Another thing the Peasant habitually did was take care of the old folks throughout the county, the ones who’d been around since he was a boy. Mr. Sales, who lived next door, carved horses and put together halters and all the rest of their tack out of leather and metal scraps, and it was all accurate and to scale. The Peasant would hang out with him, just talk. He had draft horses and work horses and horses pulling carriages, accomplished naive folk art, dunno if it ever went beyond making stuff to give as presents to friends and neighbors and the waitresses at a local restaurant he flirted with well into his 90s. The Peasant visited Bessie often, and a couple more over in Portland, and the rest of them, and there seemed to be a lot.
Including Uncle Bill.
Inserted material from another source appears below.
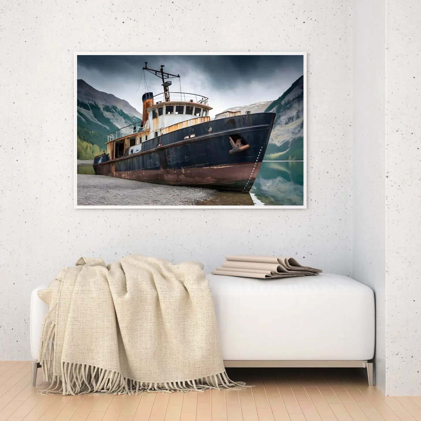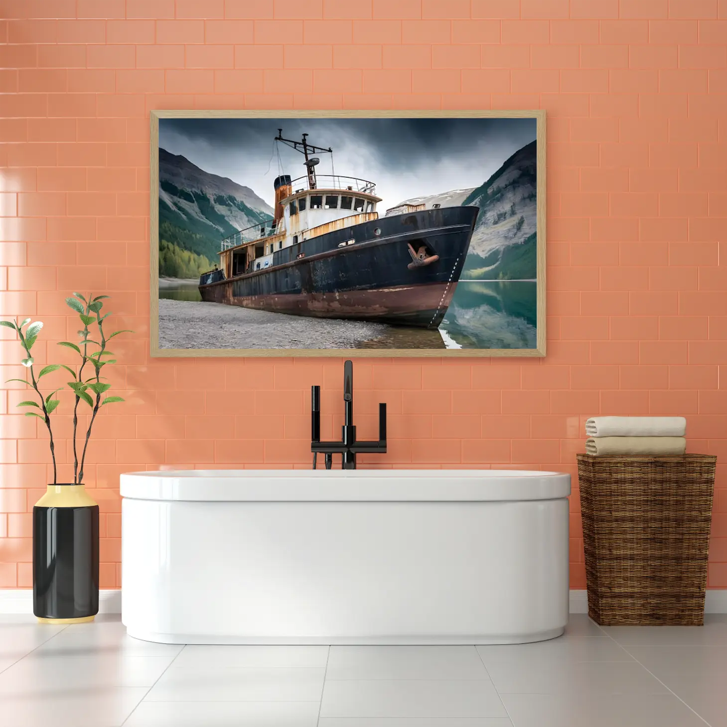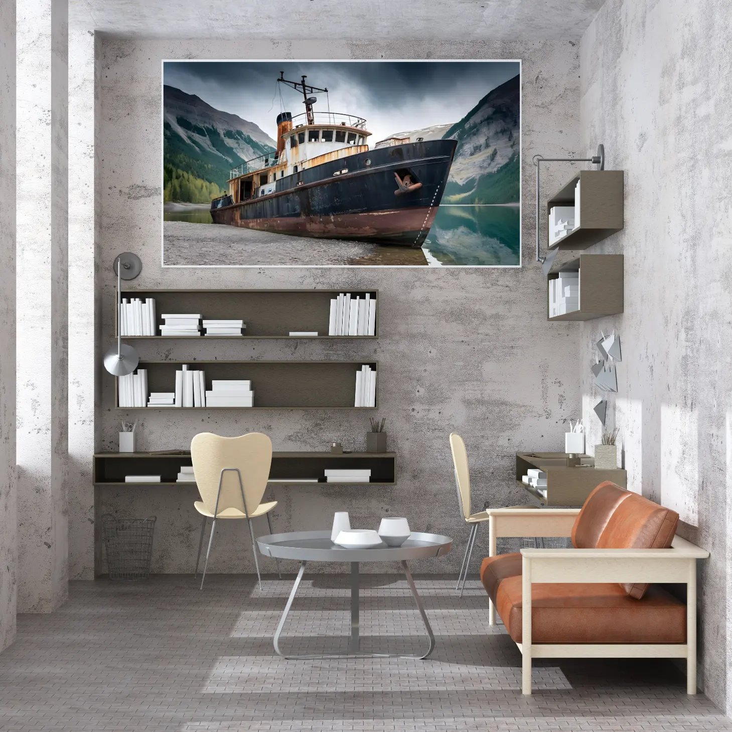 لوحة بحرية لسفينة قديمة تتأمل الجبال، ألوان داكنة ورمادية تعكس الغموض، لوحات طبيعة، لوحات كانفاس أنيقة

He lived in a trailer across the field. He’d always lived there. When my mother and the Peasant and the rest of their siblings were kids, there’d been a house and a family there. Now there was just this filthy old guy and his dogs living in a rusty trailer in front of the house, which was falling down and no longer inhabitable, and several mangy ponies living in the barn next door.
The Peasant liked to take us along on our visits to Uncle Bill. He encouraged us to call the guy Uncle Bill although he was no relation because that made mother crazy. I mean, he was dirty. Mom seemed, in retrospect, to believe he was morally dirty as well, which he may well have been, this strange old hermit. But maybe not, who knows. It is true that the dogs slept in his bed, especially on cold nights. And it is true that my father came home once from having conversed with Uncle Bill, and said, “As I was talking to him, a mouse ran out of one of his pocket and around his neck and ducked back into his sweater up at his collar, and he didn’t even act as if it were anything unusual.”
Developers have bought that whole section of land and tore everything down a long time ago. Now they are fighting with the county over zoning, they want to build a mall, and put a Target right where our old house was. Uncle Bill, he’s dead now but I don’t know when he died or whether he was still living at home when he did, I suppose so. As far as I know he had no redeeming qualities, but you can never be sure about that either.
That is scary, that a Target is going up where the house used to be. Crikey.
The mouse was probably just a pet. How else do you take your mouse for a walk, but in your shirt? That’s nothing to worry about; start worrying when you see the teenagers feeding their pet rats blotter acid from their tongues. Or was that just an 80s thing?
looks grand. do the comments work too?